Employee data present in Database table:

Department data present in flat file:


First we will create a Cache file for Department flat file, which we will be used in the lookup:
1. Configure the flat file source to read the Department flat file:
As shown in the below screen shot, drag ‘Flat file source transform’ and map the department flat file to it:

2. Configure the Cache Transformation:
Drag the “Cache Transform” from the Data Flow Transformations. Map Flat file Source to ‘Cache Transform’. Open cache transform Editor to configure it.

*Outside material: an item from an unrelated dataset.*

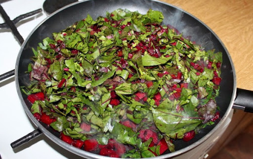 - А за 3 минуты до готовности добавляют в суп молодую порезанную ботву свеклы и варят на небольшом огне.
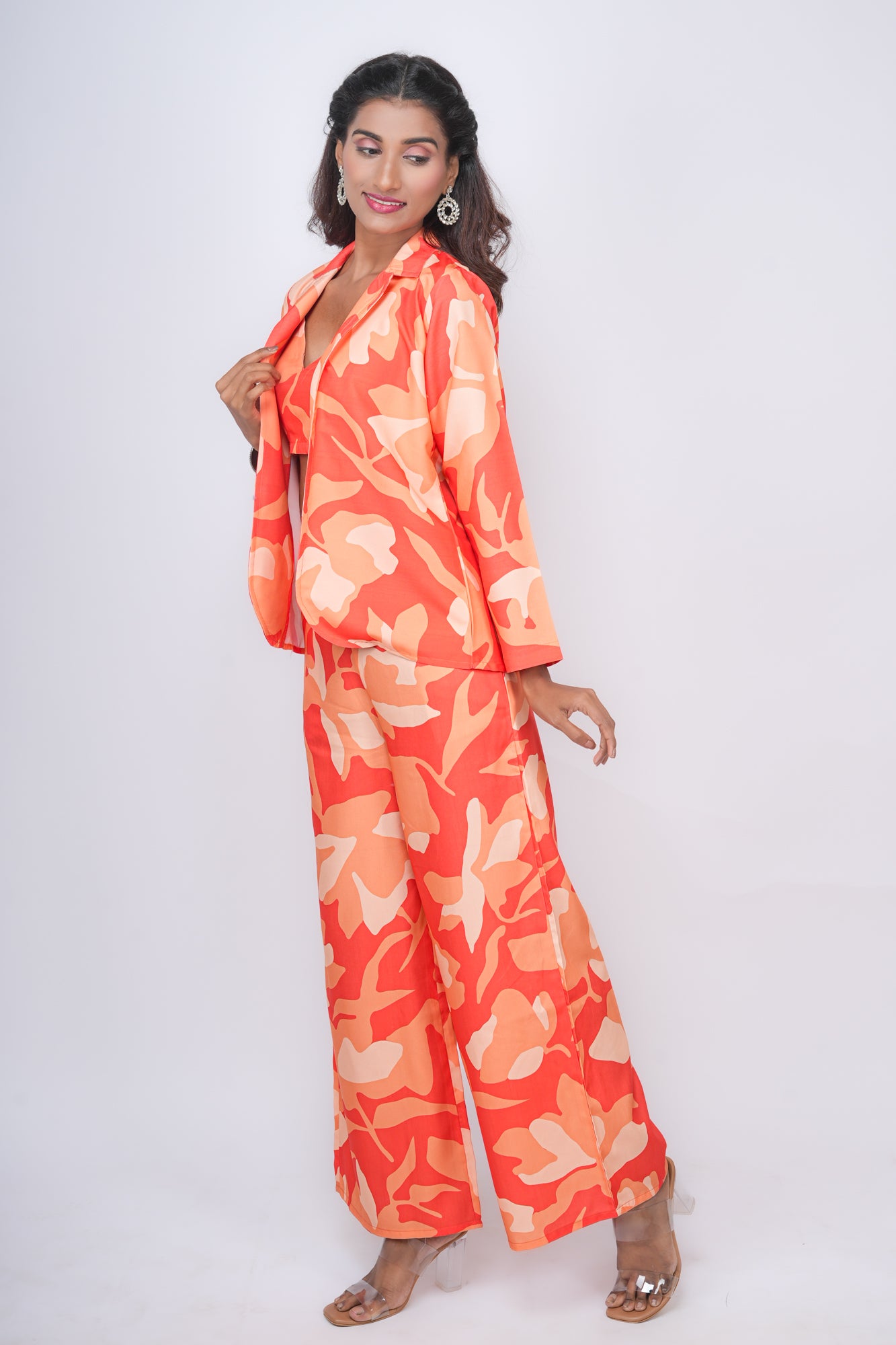 Make a bold statement with this neon orange co-ord set, ideal for both office and occasional wear. The below-knee jacket features full sleeves and a striking abstract print, while the sweetheart neckline of the inner adds a feminine touch.

Click on “New” to create “Cache Connection Manager” which will be used to create the Cache file.

In ‘General’ tab, type in ‘Connection Manager Name’, check ‘Use file cache’ checkbox and click on ‘Browse…’ select the location where you want to store the Cache file. In this case, we have given the Cache file name ‘lkp_Dept.caw’. “caw” is the Cache file extension.
Under ‘Columns’ tab, set ‘Index Position’ as 1 for column ‘Dept_id’. Index Position is sequential positive number. This number indicates the order in which lookup transformation compares rows in the reference dataset to rows in the input data source. The column with the most unique values should have lowest index position (Reference: http://msdn.microsoft.com/en-IN/library/bb895364.aspx)

After configuring the Cache Connection Manager, go back to Cache Transform Editor and click on ‘Mappings’ tab, as shown in the below screen shot map the source columns to its corresponding Cache file column.

3. Load Cache file:
Now we will execute the above created flow to load the cache file with the records present in the Department flat file.

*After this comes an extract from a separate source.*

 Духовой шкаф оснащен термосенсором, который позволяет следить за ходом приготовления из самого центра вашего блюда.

Now if you check the lookup file path you will see Cache file created.

Now that we have created the cache file, we will create a Data flow to create the target file which will load the employee and its department information, department info will be looked up from above created Cache file ‘lkp_Dept.caw’.
As shown below, configure the ‘OLE DB Source’ to read the Employee data from the database table. This will be followed by ‘Lookup Transform’ which will be configured to read data from above created Cache file. Open the lookup transformation editor, in ‘General’ tab select ‘Connection Type’ as ‘Cache Connection Manager’

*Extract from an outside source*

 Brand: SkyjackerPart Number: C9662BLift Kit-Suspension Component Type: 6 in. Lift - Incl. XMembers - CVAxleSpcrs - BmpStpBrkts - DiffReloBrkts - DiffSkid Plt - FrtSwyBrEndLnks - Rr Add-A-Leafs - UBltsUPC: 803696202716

Under ‘Connection’ tab, select the Cache Connection manager, which was created in earlier DFT to create the cache file:

In ‘Columns’ tab, map Input Dept_Id column with lookup Dept_id:

Click 'OK'.
Now we will drag ‘Flat File Destination’, and map ‘Lookup Match Output’ to it. Create a new flat file connection, which we load the target file.

In mappings tab, map the source column to its corresponding target file column:

Click 'OK'.

Now we will execute the DFT to load the target file.

Data in Target file:


There are few things that about Cache Transformation to be remembered:

1. The Cache Transform writes only unique rows to the Cache connection manager:
Let’s add a duplicate record in the Department flat file and re-run the cache file creation data flow.

Now to view the cache file, we will create a new data flow using ‘Raw File Source’. As shown in the below screen shot, drag ‘Raw file Source’, under ‘connection manager’ select ‘Access mode’ as ‘File name’, click ‘Browse…’ select the above created cache file.

Now drag a Derived Column transformation, map Raw file output to it. Configure data viewer to view the Cache file:

Execute the data flow:

From the above screenshot you can see, department file has 4 rows, but the cache file holds only 3 rows, as the fourth row is duplicate, based on Dept_Id which is been assigned Index_Position 1, in cache transformation.


2. In a single package, only one Cache Transform can write data to the same Cache connection manager. If the package contains multiple Cache Transforms, the first Cache Transform that is called when the package runs, writes the data to the connection manager. The write operations of subsequent Cache Transforms fail.
To test this, we will create a copy of the data flow created earlier to load the cache file. Now while executing the entire package

we can see the last DFT which a copy of first one gets error out. Leading to package failure.

Error:

To avoid this failure, we need to create a new Cache Connection for this DFT.